Start of Entries supplied

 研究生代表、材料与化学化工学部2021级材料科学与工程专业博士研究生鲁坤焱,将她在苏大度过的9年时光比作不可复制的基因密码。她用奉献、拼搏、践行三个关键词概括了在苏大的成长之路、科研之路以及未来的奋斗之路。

End of Entries supplied
Start of Entries supplied

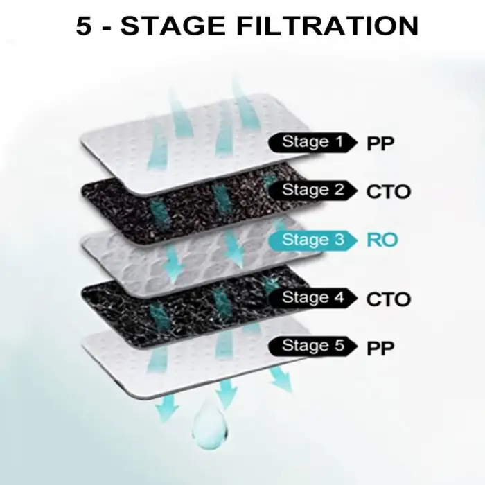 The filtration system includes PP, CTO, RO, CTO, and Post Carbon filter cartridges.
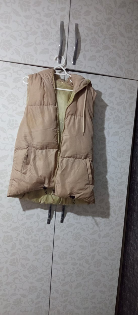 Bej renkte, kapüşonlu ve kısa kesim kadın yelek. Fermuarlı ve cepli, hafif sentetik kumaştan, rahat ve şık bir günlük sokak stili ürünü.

End of Entries supplied

--- What to produce ---
Copy exactly the part of the material above that opens with the line containing "The filtration system" and closes with the line containing "Bej renkte, kapüşonlu", ends included. Drop the images.

--- Exercise response ---
 The filtration system includes PP, CTO, RO, CTO, and Post Carbon filter cartridges.
 Bej renkte, kapüşonlu ve kısa kesim kadın yelek. Fermuarlı ve cepli, hafif sentetik kumaştan, rahat ve şık bir günlük sokak stili ürünü.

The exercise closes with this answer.